- Born: c. 965/966 Arles
- Died: 7 July 1018/1019 Nordgau, Bavaria
- Noble family: Elder House of Welf
- Spouses: Herman I, Count of Werl Herman II, Duke of Swabia
- Issue Detail: With Herman of Werl Herman II, count of Werl Rudolf (or Liudolf) of Werl Bernard I of Werl With Herman of Swabia Matilda of Swabia Gisela of Swabia Herman III, Duke of Swabia
- Father: Conrad of Burgundy
- Mother: Matilda of France

= Gerberga of Burgundy =

French noblewoman

Gerberga of Burgundy (c. 965/966 – 7 July 1018/1019) was a member of the Elder House of Welf. She was married firstly to Herman I, count of Werl and secondly to Herman II, Duke of Swabia.

==Life and issue==
Gerberga was born in Arles in what was then the Kingdom of Arles of which her father was king. She was the daughter of King Conrad of Burgundy and his second wife, Matilda, daughter of Louis IV of France and Gerberga of Saxony.
Her paternal aunt was Empress Adelaide. Through her mother, she was related to Louis IV of France, Emperor Otto I and Charlemagne.

===First marriage===
Gerberga married her first husband, Herman I, Count of Werl, c. 978. Herman of Werl died sometime between 985 and 988.
With Herman of Werl, Gerberga had the following children:
- Herman II, count of Werl (c. 980 – 1025)
- Rudolf (or Liudolf) of Werl (c. 982/986 – 1044)
- Bernard I of Werl (c. 983 – 1027)

===Second marriage===
Gerberga married Herman II, Duke of Swabia in 988. With Herman of Swabia, Gerberga had several children, including:
- Matilda of Swabia
- Gisela, who became Queen consort of Germany then Empress consort of the Holy Roman Empire.
- Herman III, who succeeded his father in 1003, but died young, in 1012.
- Berthold (992–993)
- Beatrice (?) (died after 25 February 1025), who was married to Adalbert of Eppenstein

===Patronage===
In September 997 Otto III donated the estate of Stockhausen to the female monastery at Meschede at Gerberga's intervention.

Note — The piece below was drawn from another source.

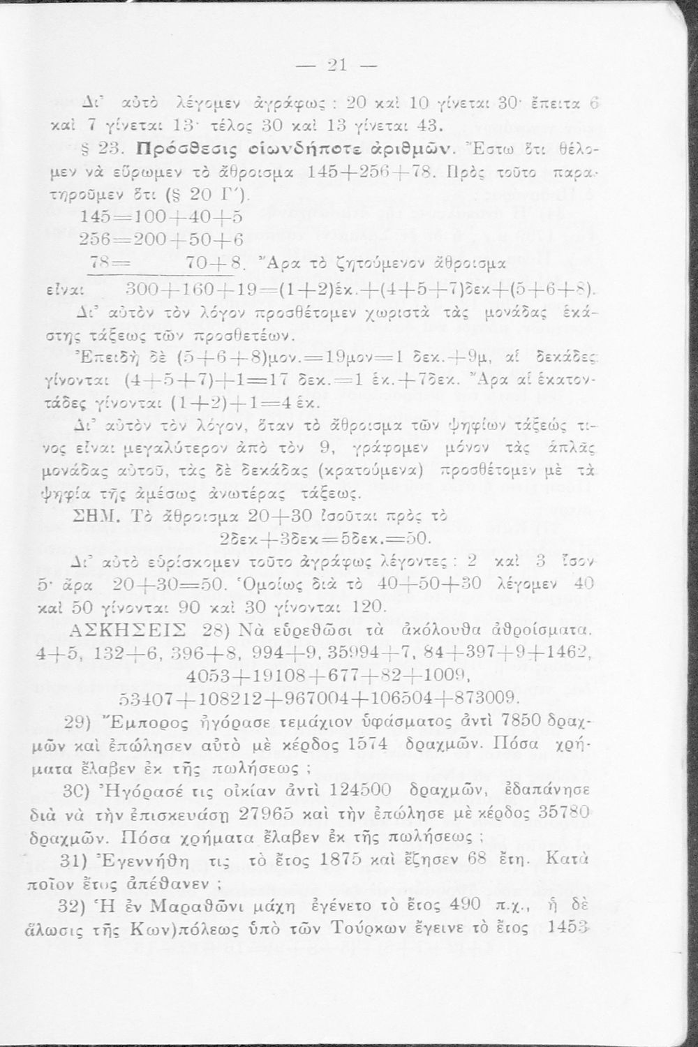 LDR 01430 2200217 4500 035 ## _a01-17195 040 ## _aΙνστιτούτο Εκπαιδευτικής Πολιτικής 041 ## _ael 100 ## _aΝικόλ. Δ. Νικολάου 110 ## _a17195 245 0# _aΑριθμητική συντεταγμένη κατά το τελευταίον πρόγραμμα προς χρήσιν των μαθητών της Α΄, Β΄, Γ΄ τάξεως των Γυμνασίων και Ημιγυμνασίων 250 ## _a4η Έκδοση 260 ## _aΑθήνα _bΔημ. Ν. Τζάκας, Στεφ. Δελαγραμμάτικας _c1937 300 ## _a216 _c20 520 ## _aΣχολικό εγχειρίδιο Αριθμητικής για τις Α΄, Β΄, Γ΄ Γυμνασίου που είναι χωρισμένο σε ορισμούς και ασκήσεις και εστιάζει στις ιδιότητες των αριθμητικών πράξεων, τα κλάσματα και την τετραγωνική ρίζα. 521 ## _aΑ' Γυμνασίου / Β' Γυμνασίου / Γ' Γυμνασίου 522 ## _aΕλλάδα 546 ## _aΑπλή καθαρεύουσα 563 ## _aΣκληρό Εξώφυλλο 583 ## _a41062/31-7-1933 _c1933 650 #4 _aΕπιτόκιο _aΙδιότητες των αριθμητικών πράξεων _aΚλάσματα _aΤετραγωνική ρίζα _aΤόκος

Stockhausen was located in the medieval district of Lochtrop, which was part of the county of Werl. In 997 the county of Werl was ruled by Gerberga's son from her first marriage, Herman II of Werl. The counts of Werl had long-standing connections with this monastery. Herman II's father, Herman I of Werl, was the advocate of Meschede. And one of his ancestors, also called Herman, likewise acted as advocate for Meschede in 913. Meschede may have been founded by Emhilids, one of Herman's ninth-century ancestors.

In May 1000 Otto III issued a diploma taking the female monastery of Oedingen into his protection. The diploma records that Oedingen, which was located in the district of Lochtrop, in the county of Werl, had been founded by Gerberga, with the permission of her son, Herman II of Werl. In 1042 Gerberga's granddaughter, also called Gerberga (she was the daughter of Herman II of Werl), became abbess of Oedingen.

==Death==
Gerberga died in Nordgau, Bavaria. A necrology entry indicates that she died on 7 July, probably in 1018 or 1019.

==Sources==
- Herwig Wolfram (2006). "Conrad II, 990-1039: Emperor of Three Kingdoms"
- P. Leidinger, 'Die Grafen von Werl und Werl-Arnsberg (ca. 980–1124): Genealogie und Aspekte ihrer politischen Geschichte in ottonischer und salischer Zeit,' in, H. Klueting, ed., Das Herzogtum Westfalen, Band I, Das kurkölnische Herzogtum Westfalen von den Anfängen der kölnischen Herrschaft im südlichen Westfalen bis zur Säkularisierung 1803 (Münster, 2009).
- W. Glocker, Die Verwandten der Ottonen und ihre Bedeutung in der Politik. Studien zur Familienpolitik und zur Genealogie des sächsischen Kaiserhauses (1989).
- E. Brandenburg, Die Nachkommen Karls des Großen (1935).
- J. Bohmer and M. Uhlirz, Regesta Imperii II,3: Die Regesten des Kaiserreiches unter Otto III. 980 (983)-1002 (Graz-Cologne, 1956), accessible online at: Regesta Imperii II,3.